3M’s platform of microneedle-based drug-delivery technologies include the solid Microstructured Transdermal System (sMTS), which contains 200 to 1,300 structures for delivering vaccines and highly potent proteins or peptides. 3M’s hollow Microstructured Transdermal System (hMTS) contains just 18 needles arranged across an array that is about the size of a U.S. dime. The hMTS is designed to provide high-volume (0.5-2 mL) delivery of liquid formulations. “Microneedle technologies that rely on coating the antigen on the microneedle can be limited in the dose they can deliver,” says Meitz. “Vaccines with a very high dose [>1 mg] can be challenging to coat. These dose limitations can be overcome by a microneedle-based system that can deliver higher volumes of liquid formulations, such as hMTS.”

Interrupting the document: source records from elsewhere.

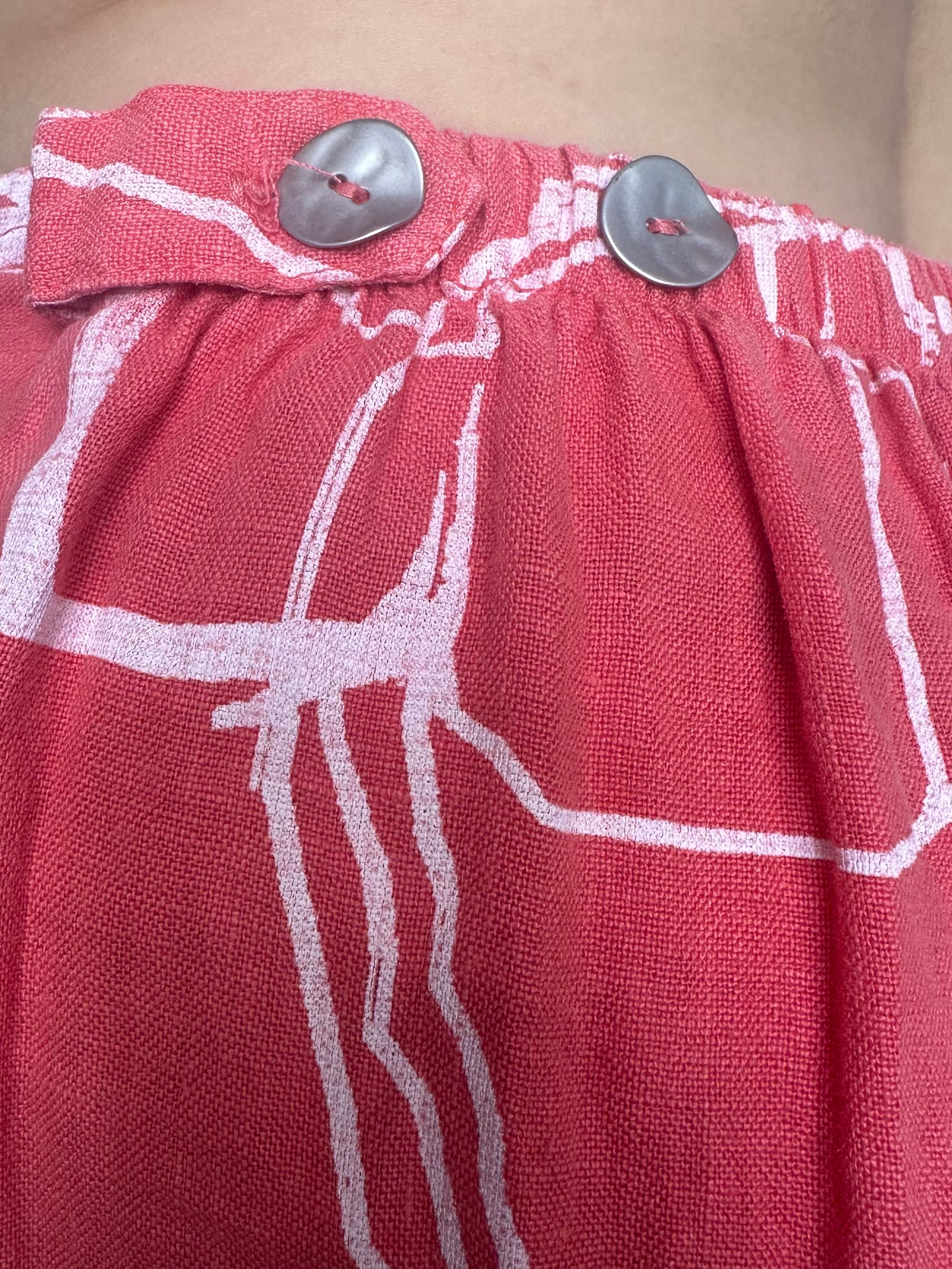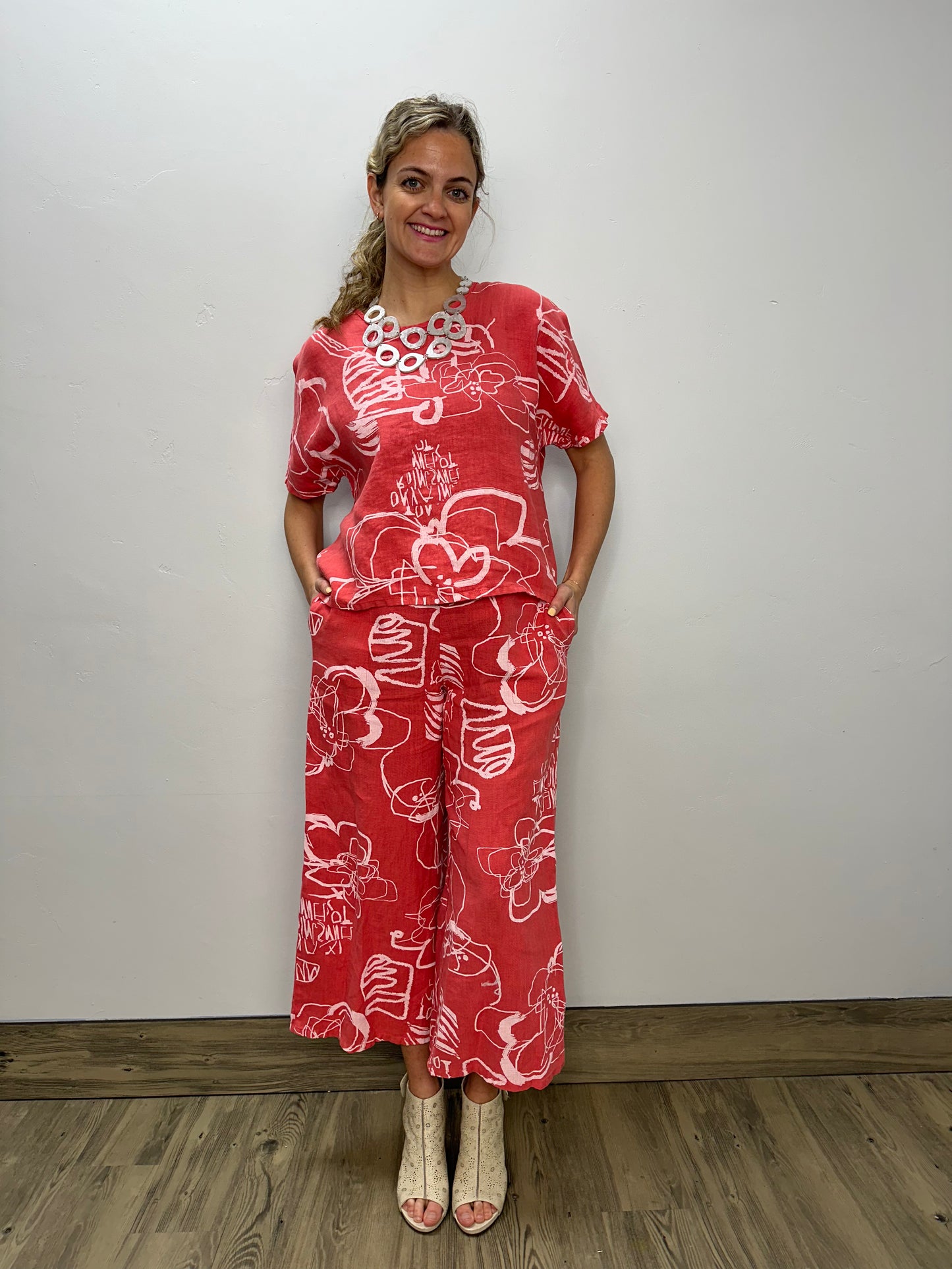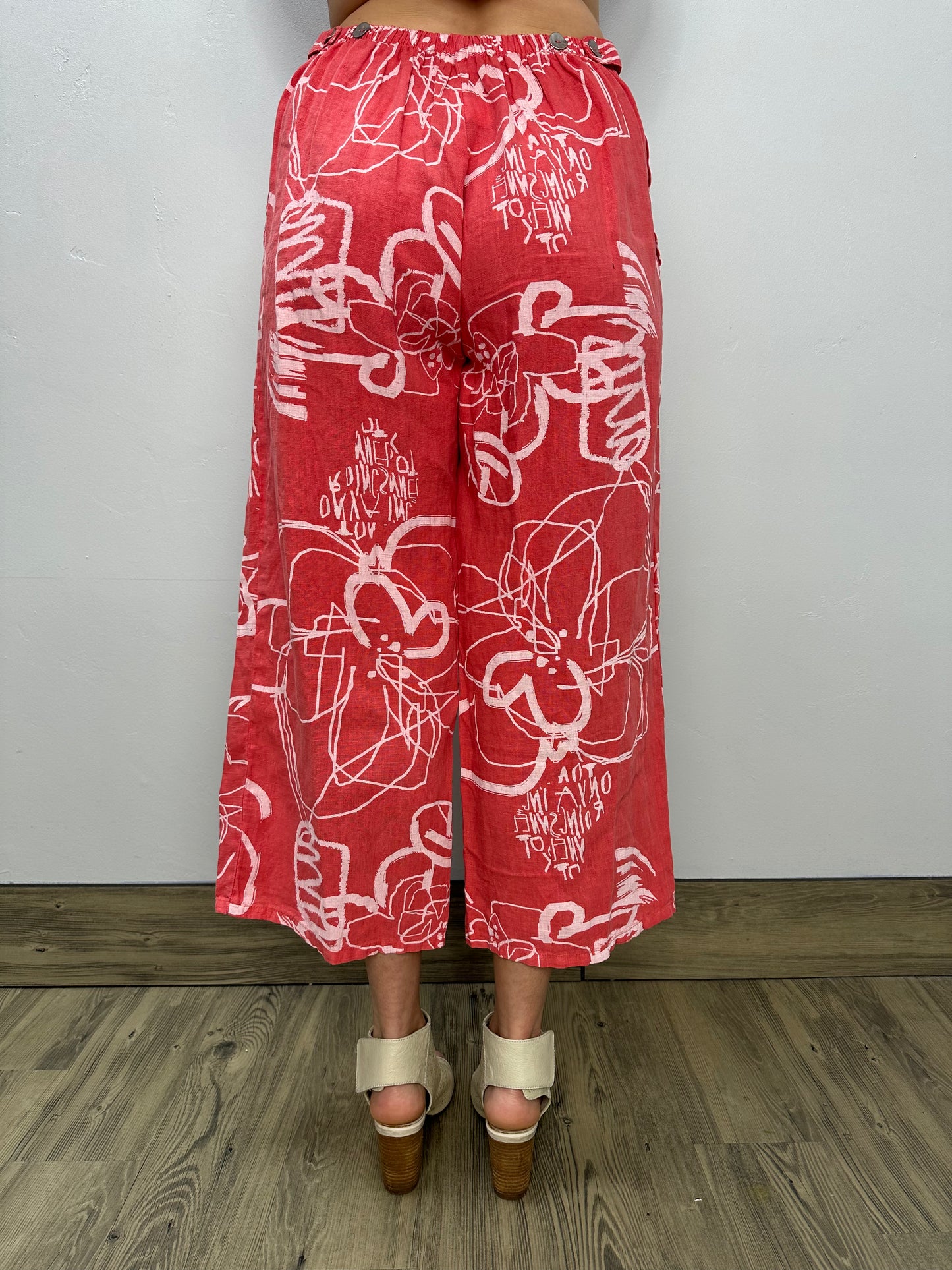 Melon Scribbles Print Linen Flat Front Crop Pant with Adjustable Waist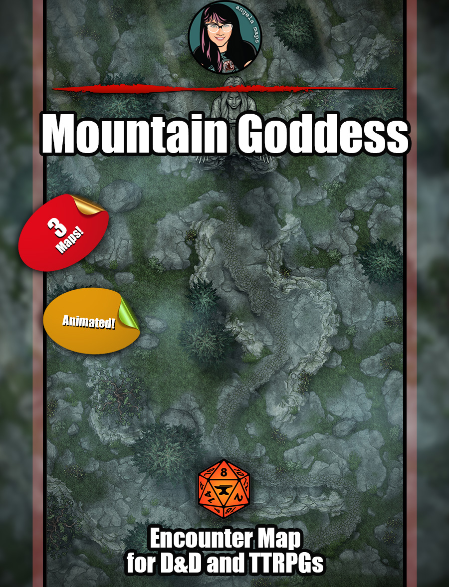 High upon the bluffs, where mist and fog entwine with the lowest wispy tendrils of the clouds, an ancient stone statue stands, beckoning to those bold and hardy enough to have braved the steep climb. Is her serene expression that of a benevolent deity, providing shelter from the elements, the cryptic smile of a goddess of mysteries, inviting truth-seekers to her crucible, or the deceptive smirk of some foul divine trickster, luring weary pilgrims to their demise? Fully animated and available in snowy and summery variants, let the Mountain Goddess lure your players to their salvation, or their doom!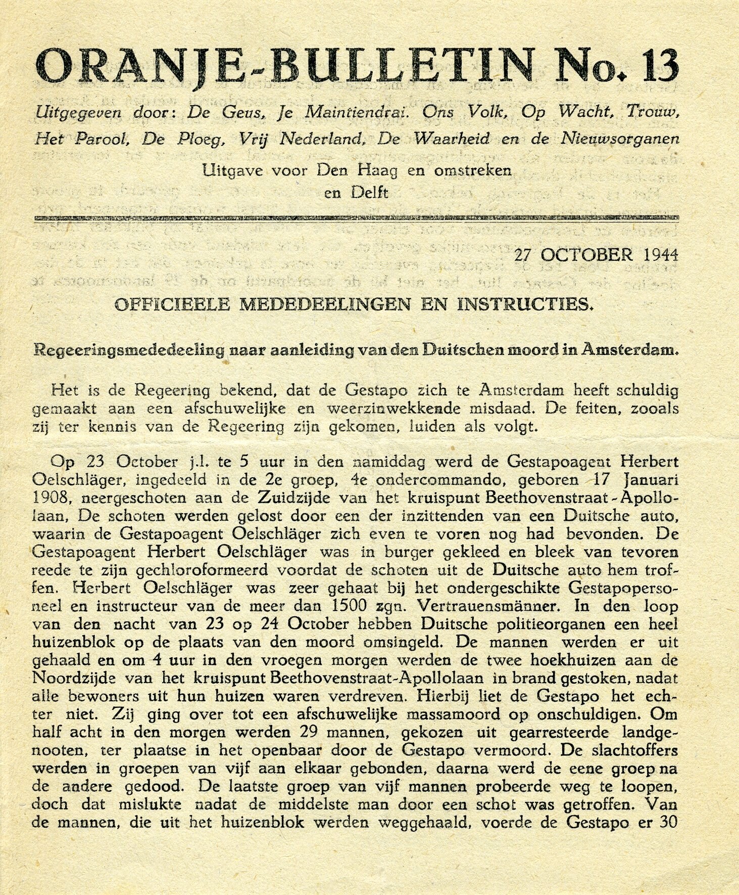 Twee gedrukte uitgaven van het "Oranje-Bulletin": No. 12 van 25 October met onder andere "De zuivering van den Hoogen Raad" en "Mededeelingen van de samenwerkende illegale organisaties”; No. 13 van 27 October 1944 met onder andere de "Regeeringsmededeeling naar aanleiding van den Duitschen moord in Amsterdam" en "Mededeelingen van de samenwerkende illegale organisaties".

Painless, Potent, And Different
Whether delivering liquid or dry formulations, there is no denying that getting large molecules into the body via oral methods has proven inefficient leaving injections as the viable alternative. But patients and caregivers are seeking less painful drug delivery options. Pharma is left with the challenge of responding with painless yet potent products. Microneedles may prove to be the answer in delivering these new compounds.

In addition, the pros say that as a transdermal delivery mechanism, microneedles offer increased compound stability, improved patient convenience, and better potency and may prove a cost-effective drug delivery option. According to the researchers at Georgia Tech, if mass-produced, the dissolvable microneedle patches are expected to cost about the same as conventional needle-and-syringe techniques and may lower the overall cost of immunization programs by reducing personnel costs and waste disposal requirements.

There is also the possibility of market patent value that microneedles bring to pharmaceutical companies. Some might be looking to extend patent protection for compounds whose patents are about to expire. Finding an alternative delivery method for a franchise molecule is a way to do that. There is also value in discovering a drug delivery system during Phase 1 or 2 development when other options have failed.

“We expect that as more biopharmaceutical products are developed, the demand for needlefree injection systems is going to grow,” says Meitz. “Pharmaceutical companies need to find ways to differentiate their products. Physicians want to see products that increase compliance and keep patients away from the clinic, and patients want administration that is convenient and painless.”